Currently it generates 1200+ analyzers and and most of them are identical.
Only analysis components like token and char filters are deduplicated.
Deduplicating analyzers is not entirely trivial as they are referenced from the mapping config builders and all of them are expected to be there.
It might perhaps make sense to quickly evaluate the perf gain of doing such optimization (possibly measuring index creation and node startup).

AC:

the number of analyzers created on wikibase indices is largely reduced

Details

	Subject	Repo	Branch	Lines +/-
	cirrus: Enable analysis chain deduplication for wikibase	operations/mediawiki-config	master	+3 -0
	Add a config flag to enable analysis chain deduplication	mediawiki/extensions/CirrusSearch	master	+57 -3

Customize query in gerrit

Event Timeline

dcausse created this task.Apr 6 2023, 9:37 AM

Restricted Application added a project: Discovery-Search. · View Herald TranscriptApr 6 2023, 9:37 AM

Restricted Application added a subscriber: Aklapper. · View Herald Transcript

We should measure the gain. We already have a component that can deduplicate (AnalysisFilter) but we should test if this has any useful effect. Based on the change in index creation time we can decided if it should move forward.

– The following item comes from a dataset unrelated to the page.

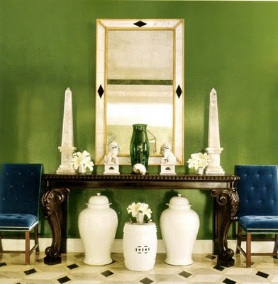 I thought it was interesting that Pantone chose Honeysuckle, a pink shade, as their Color of the Year for 2011. The color that keeps catching my attention in both fashion and design is green. It ranges from peacock to emerald but looks elegant and interesting in every shade. I already bought a satin envelope clutch from J.Crew (sold out online) to add a little color to my wardrobe and it seems every designer sent green down their runway. Green is definitely good!

We're waiting on @Lydia_Pintscher to a better idea of the priority of this.

Is there anywhere where I can briefly read up on what analyzers, token filters and char filters are in this context? Then I can probably help.

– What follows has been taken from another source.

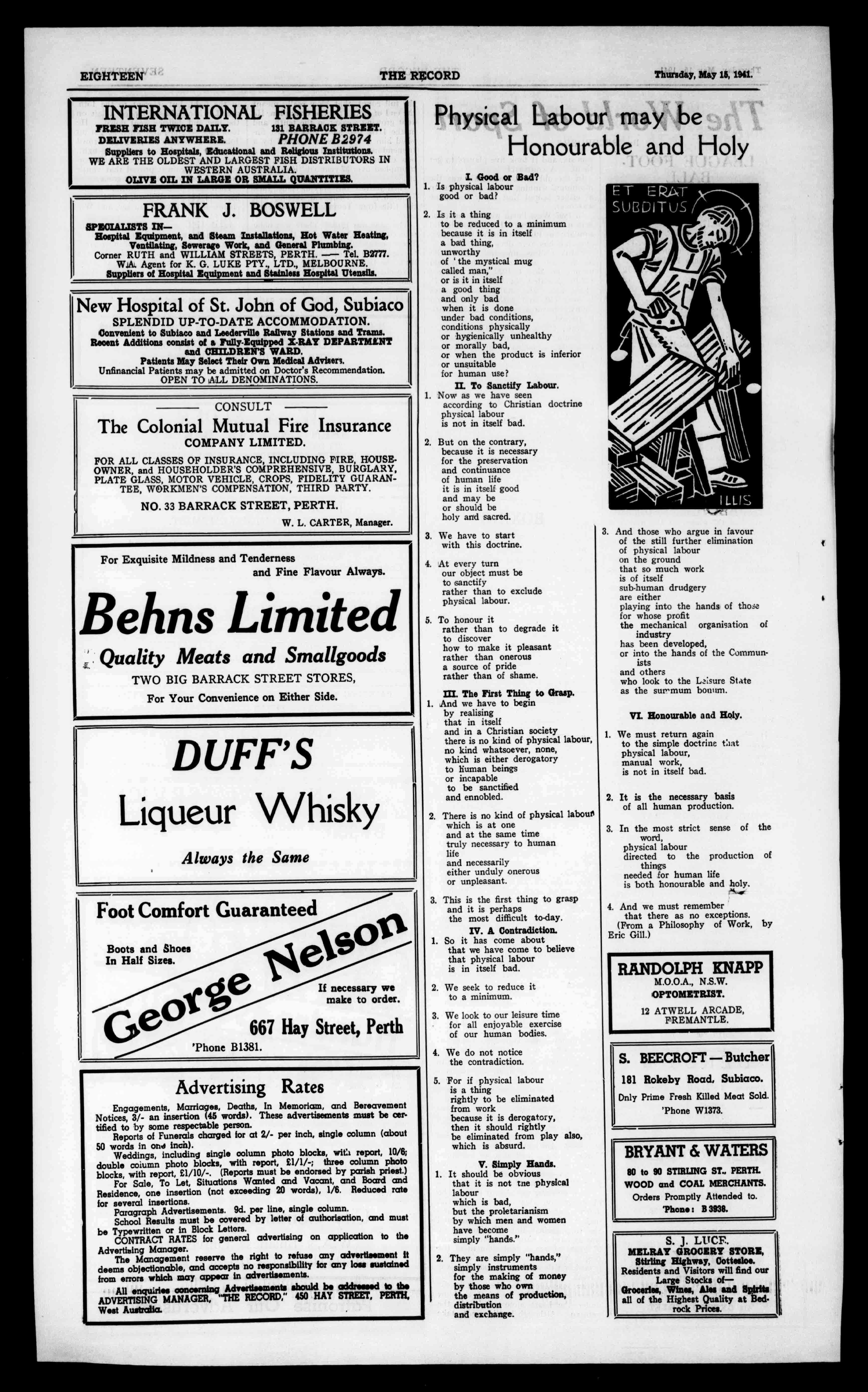 EIGHTEEN THERECORD Thursday,May16,1941. INTERNATIONALFISHERIES FRESHFISHTWICEDAILY. 131BARRACKSTREET. DELIVERIESANYWHERE. PHONEB2974 SupplierstoHospitals,EducationalandReligiousInstitutions. WEARETHEOLDESTANDLARGESTFISHDISTRIBUTORSIN WESTERNAUSTRALIA. OLIVEOILINLARGEORSMALLQi111114TITIES. FRANKJ.BOSWELL SPECIALISTSINHospitalEquipment,andSteamInstallations,HotWaterHeating, Ventilating,SewerageWork,andGeneralPlumbing. CornerRUTHandWILLIAMSTREETS,PERTH.-Tel.B2777. W.A.AgentforK.G.LUKEPTY.,LTD.,MELBOURNE. SuppliersofHospitalEquipmentandStainlessHospitalUtensils. NewHospitalofSt.JohnofGod,Subiaco SPLENDIDUP-TO-DATEACCOMMODATION. ConvenienttoSubiacoandLeedervilleRailwayStationsandTrams. RecentAdditionsconsistofaFully-EquippedX-RAYDEPARTMLNT andCHILDREN'SWARD. PatientsMaySelectTheirOwnMedicalAdviser;. UnfinancialPatientsmaybeadmittedonDoctor'sRecommendation. OPENTOALLDENOMINATIONS. CONSULT TheColonialMutualFireInsurance COMPANYLIMITED. FORALLCLASSESOFINSURANCE,INCLUDINGFIRE,HOUSEOWNER,andHOUSEHOLDER'SCOMPREHENSIVE,BURGLARY, PLATEGLASS,MOTORVEHICLE,CROPS,FIDELITYGUARANTEE,WORKMEN'SCOMPENSATION,THIRDPARTY. NO.33BARRACKSTREET,PERTH. W.L.CARTER,Manager. ForExquisiteMildnessandTenderness andFineFlavourAlways. BehnsLimited QualityMeatsandSmallgoods TWOBIGBARRACKSTREETSTORES, ForYourConvenienceonEitherSide. DUFF'S LiqueurWhisky AlwaystheSame FootComfortGuaranteed BootsandShoes InHalfSizes. .seSO° GeOVe Ifnecessarywe maketoorder. 667HayStreet,Perth 'PhoneB1381. AdvertisingRates Engagements,Marriages,Deaths,InMemoriam,andBereavement Notices,3/-aninsertion(45words).Theseadvertisementsmustbecertifiedtobysomerespectableperson. ReportsofFuneralschargedforat2/-perinch,singlecolumn(about 50wordsinandinch). Weddings,includingsinglecolumnphotoblocks,witiireport,10/6; doublecolumnphotoblocks,withreport,£1/1/-;threecolumnphoto blocks,withreport,11/10/-.(Reportsmustbeendorsedbyparishpriest.) ForSale,ToLet,SituationsWantedandVacant,andBoardand Residence,oneinsertion(notexceeding20words),1/6.Reducedrate forseveralinsertions. ParagraphAdvertisements.9d.

In T334194#8827123, @Lydia_Pintscher wrote:

Is there anywhere where I can briefly read up on what analyzers, token filters and char filters are in this context? Then I can probably help.

For detail, Trey has a series of blog posts on the subject. The short answer is they are language specific text processing components that improve the matching between user queries and content.

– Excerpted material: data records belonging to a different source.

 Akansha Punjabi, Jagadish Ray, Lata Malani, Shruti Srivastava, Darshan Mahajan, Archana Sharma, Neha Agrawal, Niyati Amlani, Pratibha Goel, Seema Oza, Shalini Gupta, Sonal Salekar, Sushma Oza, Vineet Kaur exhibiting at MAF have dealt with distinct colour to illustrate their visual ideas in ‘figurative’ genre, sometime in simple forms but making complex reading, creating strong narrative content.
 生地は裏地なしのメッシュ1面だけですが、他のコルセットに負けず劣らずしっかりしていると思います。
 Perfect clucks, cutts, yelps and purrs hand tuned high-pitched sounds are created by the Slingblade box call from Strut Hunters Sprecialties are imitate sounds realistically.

For how that specifically relates here though, each elasticsearch index has some amount of configuration that defines it. On a typical wiki like say eswiktionary this configuration is ~8kb. For a wikidata index, which contains the text processing configuration of all possible languages, this configuration is 450kb and probably outside the normal operating expectations of elasticsearch. For the WMF cluster where we have 3 of these indices it's a bit of a pain but it's manageable.

We talked recently with someone at our office hours who was running hundreds of wikibase instances into a single elasticsearch cluster. In general not an unreasonable ask, we put a couple hundred wikis per cluster for wmf deployments. Unfortunately, their elasticsearch cluster became unresponsive, failed master elections, and generally became unusable. We think after some light review of stack traces and logs this is due to it taking 10's of minutes for the master to load the cluster state, which includes the configuration of those hundreds of wikibase indices. I forget the exact size of their cluster state, but i think it was two orders of magnitude larger than the cluster state we see on WMF clusters. One theory to investigate in this ticket is if we could improve the time it takes to load the wikibase search index configuration by clearing out duplications between languages, and by proxy reduce the size of elasticsearch cluster state created by each wikibase instance.

Thank you!
I assume the cluster we are talking about is Wikibase.cloud? If that's the case then this is fairly important for WMDE's LOD work as this is a serious issue for giving more people access to Wikibase.cloud and by extension alleviating pain from Wikidata and Wikidata Query Service by moving data there longer-term.

If this is about Wikibase.cloud, how much should we de-duplicate vs reduce the numbers of supported languages? My intuition is that on Wikibase.cloud, the number of languages per instance is unlikely to be as high as on Wikibase. Would that also be an option? Would that help?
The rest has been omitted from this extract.